I nostri narratori contemporanei possono raccontarci anche l'orrore e perfino l'apocalisse, ma sembra che queste cose non li riguardino mai!

Il che incide sulla qualità delle loro narrazioni.

Spostiamoci di latitudine. L'ultimo romanzo di J.G. Ballard, Regno a venire (Feltrinelli, pp.293, € 17.50), probabilmente non è un'opera memorabile. Nonostante il contenuto (una allegoria terminale dell'Occidente) ha una struttura piuttosto tradizionale. Si svolge nell'hinterland londinese dominato da un gigantesco centro commerciale, dove le persone vivono «in un eterno presente fatto di compere», e dove come reazione alla noia dello shopping prospera la violenza razziale.
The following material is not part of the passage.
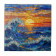 A tile with an illustration of a stained glass mosaic ocean waves and sunset illustration.
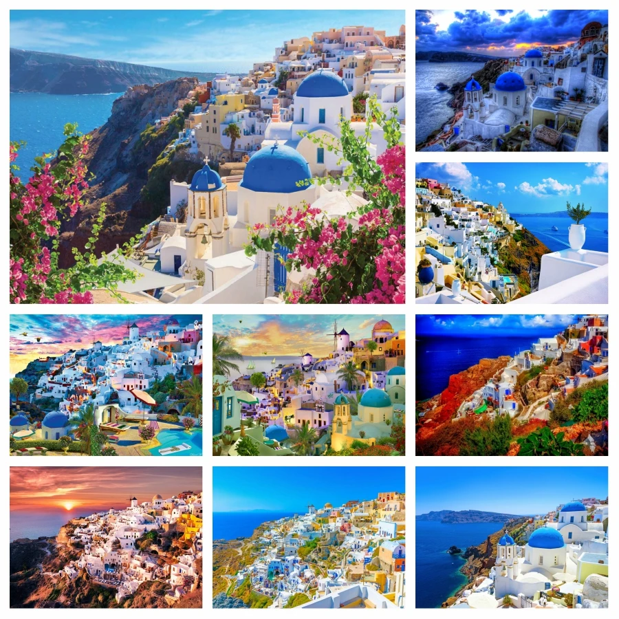 Aegean Sea Santorini Greece Island Sunset Scenery Diamond Art Painting Kits Greece Oia Seaside Town Landscape Cross Stitch Decor  Read more

L'invettiva contro il consumismo non è un tema del tutto inedito. Perché colpisce tanto il lettore? Per la ragione che Ballard, come il suo protagonista - un pubblicitario che indaga sulla morte del padre nello shopping mall- è emotivamente coinvolto dalla vicenda. Lo scrittore inglese appare sempre angosciato da ciò che narra. E questo immerge la scrittura in una «musica» grave, un po’ ipnotica. In passato ci ha mostrato varie catastrofi, e anche alcuni «usi» possibili della catastrofe stessa. Ma lui ne era terrorizzato! Quando ci dice che la libertà tende a esprimersi perlopiù in forme psicopatologiche è lui per primo a provarne una vertigine di smarrimento.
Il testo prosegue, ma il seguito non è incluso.